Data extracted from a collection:
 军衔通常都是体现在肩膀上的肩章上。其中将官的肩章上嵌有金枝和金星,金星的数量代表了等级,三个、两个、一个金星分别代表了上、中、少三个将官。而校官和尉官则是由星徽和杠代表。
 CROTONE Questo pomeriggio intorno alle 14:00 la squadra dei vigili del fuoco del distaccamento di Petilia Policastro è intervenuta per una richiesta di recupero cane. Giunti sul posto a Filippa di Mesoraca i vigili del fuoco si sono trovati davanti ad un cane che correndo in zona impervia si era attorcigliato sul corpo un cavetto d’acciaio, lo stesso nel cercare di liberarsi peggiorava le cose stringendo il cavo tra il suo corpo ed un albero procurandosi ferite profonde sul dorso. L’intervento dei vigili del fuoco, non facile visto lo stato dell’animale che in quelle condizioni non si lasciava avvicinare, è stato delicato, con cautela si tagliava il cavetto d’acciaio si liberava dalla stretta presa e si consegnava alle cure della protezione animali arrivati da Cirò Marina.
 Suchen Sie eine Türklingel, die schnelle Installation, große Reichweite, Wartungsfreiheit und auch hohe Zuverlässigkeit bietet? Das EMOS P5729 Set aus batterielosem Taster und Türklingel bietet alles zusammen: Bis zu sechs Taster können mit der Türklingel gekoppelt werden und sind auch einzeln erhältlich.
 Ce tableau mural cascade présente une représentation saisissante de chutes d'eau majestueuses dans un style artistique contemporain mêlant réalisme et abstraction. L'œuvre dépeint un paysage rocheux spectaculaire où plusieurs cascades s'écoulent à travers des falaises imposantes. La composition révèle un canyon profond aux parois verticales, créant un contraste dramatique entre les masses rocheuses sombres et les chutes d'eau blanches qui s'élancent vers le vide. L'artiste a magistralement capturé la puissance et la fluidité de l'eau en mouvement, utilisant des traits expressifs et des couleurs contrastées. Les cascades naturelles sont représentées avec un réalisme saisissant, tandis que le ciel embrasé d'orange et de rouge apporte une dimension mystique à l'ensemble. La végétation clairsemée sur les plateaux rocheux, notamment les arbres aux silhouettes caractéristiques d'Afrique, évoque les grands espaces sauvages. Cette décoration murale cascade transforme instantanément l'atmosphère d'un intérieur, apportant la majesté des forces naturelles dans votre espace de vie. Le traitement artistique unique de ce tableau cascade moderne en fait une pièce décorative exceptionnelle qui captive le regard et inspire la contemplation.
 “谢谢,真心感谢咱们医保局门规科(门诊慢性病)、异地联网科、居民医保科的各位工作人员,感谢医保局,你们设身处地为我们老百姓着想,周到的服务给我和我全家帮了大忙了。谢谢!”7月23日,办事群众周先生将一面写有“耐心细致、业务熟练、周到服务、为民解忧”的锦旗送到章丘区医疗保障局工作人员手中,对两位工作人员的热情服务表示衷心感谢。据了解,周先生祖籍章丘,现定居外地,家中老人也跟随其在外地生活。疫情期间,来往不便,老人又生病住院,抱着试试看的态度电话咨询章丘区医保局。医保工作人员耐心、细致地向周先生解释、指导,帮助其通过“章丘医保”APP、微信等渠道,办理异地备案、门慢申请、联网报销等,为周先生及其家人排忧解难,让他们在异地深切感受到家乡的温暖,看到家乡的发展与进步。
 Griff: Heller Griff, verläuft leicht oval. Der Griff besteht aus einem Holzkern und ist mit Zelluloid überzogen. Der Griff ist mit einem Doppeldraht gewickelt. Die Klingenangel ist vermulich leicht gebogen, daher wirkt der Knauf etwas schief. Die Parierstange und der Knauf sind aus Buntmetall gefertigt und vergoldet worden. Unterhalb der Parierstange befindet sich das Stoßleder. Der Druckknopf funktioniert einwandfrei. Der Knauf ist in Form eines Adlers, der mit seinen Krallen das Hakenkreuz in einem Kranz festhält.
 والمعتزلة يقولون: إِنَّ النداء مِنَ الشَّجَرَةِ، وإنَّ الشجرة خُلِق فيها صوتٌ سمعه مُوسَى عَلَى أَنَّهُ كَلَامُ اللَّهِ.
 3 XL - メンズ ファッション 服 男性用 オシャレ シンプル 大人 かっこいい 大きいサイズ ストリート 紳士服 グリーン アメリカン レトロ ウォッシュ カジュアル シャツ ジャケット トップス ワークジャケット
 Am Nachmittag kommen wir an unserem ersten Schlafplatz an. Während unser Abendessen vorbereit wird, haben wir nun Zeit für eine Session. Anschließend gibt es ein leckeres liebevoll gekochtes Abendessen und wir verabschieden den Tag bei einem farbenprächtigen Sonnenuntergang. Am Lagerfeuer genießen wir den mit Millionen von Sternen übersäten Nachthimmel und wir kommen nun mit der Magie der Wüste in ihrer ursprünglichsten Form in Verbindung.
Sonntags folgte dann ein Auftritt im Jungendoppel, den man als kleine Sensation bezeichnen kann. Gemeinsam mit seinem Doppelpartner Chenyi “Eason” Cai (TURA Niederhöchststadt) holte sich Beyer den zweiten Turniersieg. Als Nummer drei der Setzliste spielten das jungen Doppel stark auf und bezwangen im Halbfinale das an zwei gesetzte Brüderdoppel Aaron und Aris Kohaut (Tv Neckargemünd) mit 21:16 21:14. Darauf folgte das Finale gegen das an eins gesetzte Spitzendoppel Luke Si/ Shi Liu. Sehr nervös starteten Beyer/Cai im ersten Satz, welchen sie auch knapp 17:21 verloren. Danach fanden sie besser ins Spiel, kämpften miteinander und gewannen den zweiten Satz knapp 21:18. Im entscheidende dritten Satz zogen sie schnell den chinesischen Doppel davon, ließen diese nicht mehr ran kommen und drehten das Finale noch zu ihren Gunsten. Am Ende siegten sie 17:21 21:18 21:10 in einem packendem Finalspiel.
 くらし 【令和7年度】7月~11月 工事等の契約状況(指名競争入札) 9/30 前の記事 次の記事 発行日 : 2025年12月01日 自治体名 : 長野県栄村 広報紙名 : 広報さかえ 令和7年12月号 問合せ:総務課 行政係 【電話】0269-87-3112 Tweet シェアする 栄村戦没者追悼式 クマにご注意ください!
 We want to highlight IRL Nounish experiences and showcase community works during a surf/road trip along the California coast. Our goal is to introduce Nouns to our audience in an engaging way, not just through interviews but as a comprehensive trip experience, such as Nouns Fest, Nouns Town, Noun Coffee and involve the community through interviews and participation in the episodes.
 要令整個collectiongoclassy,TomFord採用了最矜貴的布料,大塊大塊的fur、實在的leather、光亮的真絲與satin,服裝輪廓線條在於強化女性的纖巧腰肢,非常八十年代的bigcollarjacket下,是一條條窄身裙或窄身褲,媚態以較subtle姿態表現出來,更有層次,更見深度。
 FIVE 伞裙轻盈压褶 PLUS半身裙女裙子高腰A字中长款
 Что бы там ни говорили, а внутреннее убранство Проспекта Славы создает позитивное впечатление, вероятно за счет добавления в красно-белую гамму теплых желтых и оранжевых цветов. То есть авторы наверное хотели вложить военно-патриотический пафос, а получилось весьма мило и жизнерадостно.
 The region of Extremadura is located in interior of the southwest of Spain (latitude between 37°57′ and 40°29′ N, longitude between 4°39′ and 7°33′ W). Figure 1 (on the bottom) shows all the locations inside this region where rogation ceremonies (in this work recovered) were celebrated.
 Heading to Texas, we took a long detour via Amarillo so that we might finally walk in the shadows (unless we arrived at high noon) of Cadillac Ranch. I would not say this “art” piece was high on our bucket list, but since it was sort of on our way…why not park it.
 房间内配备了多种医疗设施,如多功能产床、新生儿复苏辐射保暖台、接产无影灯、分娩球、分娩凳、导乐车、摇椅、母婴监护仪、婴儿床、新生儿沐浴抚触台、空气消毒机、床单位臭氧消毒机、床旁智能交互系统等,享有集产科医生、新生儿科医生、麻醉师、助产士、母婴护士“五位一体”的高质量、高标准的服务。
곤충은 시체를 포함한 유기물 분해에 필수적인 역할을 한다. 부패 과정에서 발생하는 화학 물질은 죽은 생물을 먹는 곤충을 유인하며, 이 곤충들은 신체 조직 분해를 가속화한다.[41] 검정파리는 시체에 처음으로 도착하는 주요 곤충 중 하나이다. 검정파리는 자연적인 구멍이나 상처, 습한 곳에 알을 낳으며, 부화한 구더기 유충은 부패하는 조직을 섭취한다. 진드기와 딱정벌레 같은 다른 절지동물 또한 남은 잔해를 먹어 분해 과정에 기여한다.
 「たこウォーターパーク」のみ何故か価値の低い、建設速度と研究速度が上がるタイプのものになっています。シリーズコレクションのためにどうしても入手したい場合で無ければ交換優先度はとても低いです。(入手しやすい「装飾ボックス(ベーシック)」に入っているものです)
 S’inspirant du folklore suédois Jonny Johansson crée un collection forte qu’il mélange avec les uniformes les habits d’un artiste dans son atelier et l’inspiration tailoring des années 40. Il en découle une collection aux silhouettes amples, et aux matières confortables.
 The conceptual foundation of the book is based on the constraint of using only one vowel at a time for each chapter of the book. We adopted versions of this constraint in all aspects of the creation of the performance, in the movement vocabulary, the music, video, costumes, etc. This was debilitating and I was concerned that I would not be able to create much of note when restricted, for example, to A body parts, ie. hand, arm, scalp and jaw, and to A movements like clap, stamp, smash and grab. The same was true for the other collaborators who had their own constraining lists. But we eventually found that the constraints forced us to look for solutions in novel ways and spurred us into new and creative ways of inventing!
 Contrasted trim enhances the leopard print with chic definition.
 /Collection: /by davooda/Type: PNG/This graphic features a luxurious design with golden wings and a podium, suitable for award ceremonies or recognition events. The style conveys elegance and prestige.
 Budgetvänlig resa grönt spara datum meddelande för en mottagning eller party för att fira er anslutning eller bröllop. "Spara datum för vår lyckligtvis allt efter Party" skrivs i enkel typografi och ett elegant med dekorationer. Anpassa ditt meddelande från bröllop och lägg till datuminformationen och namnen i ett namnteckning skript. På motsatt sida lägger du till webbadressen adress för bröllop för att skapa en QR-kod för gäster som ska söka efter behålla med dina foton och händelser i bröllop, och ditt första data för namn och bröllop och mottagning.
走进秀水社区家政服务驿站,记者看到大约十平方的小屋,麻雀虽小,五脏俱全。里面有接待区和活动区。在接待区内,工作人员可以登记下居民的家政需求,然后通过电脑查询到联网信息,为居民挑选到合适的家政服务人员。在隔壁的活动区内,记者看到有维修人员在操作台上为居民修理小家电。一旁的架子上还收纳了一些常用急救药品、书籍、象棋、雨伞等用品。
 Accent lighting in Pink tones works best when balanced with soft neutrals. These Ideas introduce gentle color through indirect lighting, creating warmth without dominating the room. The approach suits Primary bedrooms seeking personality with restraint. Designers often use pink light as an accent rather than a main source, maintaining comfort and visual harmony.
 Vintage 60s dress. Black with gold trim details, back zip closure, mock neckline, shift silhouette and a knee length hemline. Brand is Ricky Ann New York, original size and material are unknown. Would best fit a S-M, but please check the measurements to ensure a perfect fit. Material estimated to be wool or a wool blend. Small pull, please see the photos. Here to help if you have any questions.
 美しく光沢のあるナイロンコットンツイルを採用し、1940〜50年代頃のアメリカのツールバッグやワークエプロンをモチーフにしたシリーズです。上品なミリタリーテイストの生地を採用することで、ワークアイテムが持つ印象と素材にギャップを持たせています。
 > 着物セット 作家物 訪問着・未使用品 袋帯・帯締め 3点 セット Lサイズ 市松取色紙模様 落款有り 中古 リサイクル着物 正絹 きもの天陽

ASSIGNMENT: Each line from the start of the records through the line holding "Suchen Sie eine" must be returned exactly; nothing else belongs in the answer.

WRITTEN RESPONSE:
 军衔通常都是体现在肩膀上的肩章上。其中将官的肩章上嵌有金枝和金星,金星的数量代表了等级,三个、两个、一个金星分别代表了上、中、少三个将官。而校官和尉官则是由星徽和杠代表。
 CROTONE Questo pomeriggio intorno alle 14:00 la squadra dei vigili del fuoco del distaccamento di Petilia Policastro è intervenuta per una richiesta di recupero cane. Giunti sul posto a Filippa di Mesoraca i vigili del fuoco si sono trovati davanti ad un cane che correndo in zona impervia si era attorcigliato sul corpo un cavetto d’acciaio, lo stesso nel cercare di liberarsi peggiorava le cose stringendo il cavo tra il suo corpo ed un albero procurandosi ferite profonde sul dorso. L’intervento dei vigili del fuoco, non facile visto lo stato dell’animale che in quelle condizioni non si lasciava avvicinare, è stato delicato, con cautela si tagliava il cavetto d’acciaio si liberava dalla stretta presa e si consegnava alle cure della protezione animali arrivati da Cirò Marina.
 Suchen Sie eine Türklingel, die schnelle Installation, große Reichweite, Wartungsfreiheit und auch hohe Zuverlässigkeit bietet? Das EMOS P5729 Set aus batterielosem Taster und Türklingel bietet alles zusammen: Bis zu sechs Taster können mit der Türklingel gekoppelt werden und sind auch einzeln erhältlich.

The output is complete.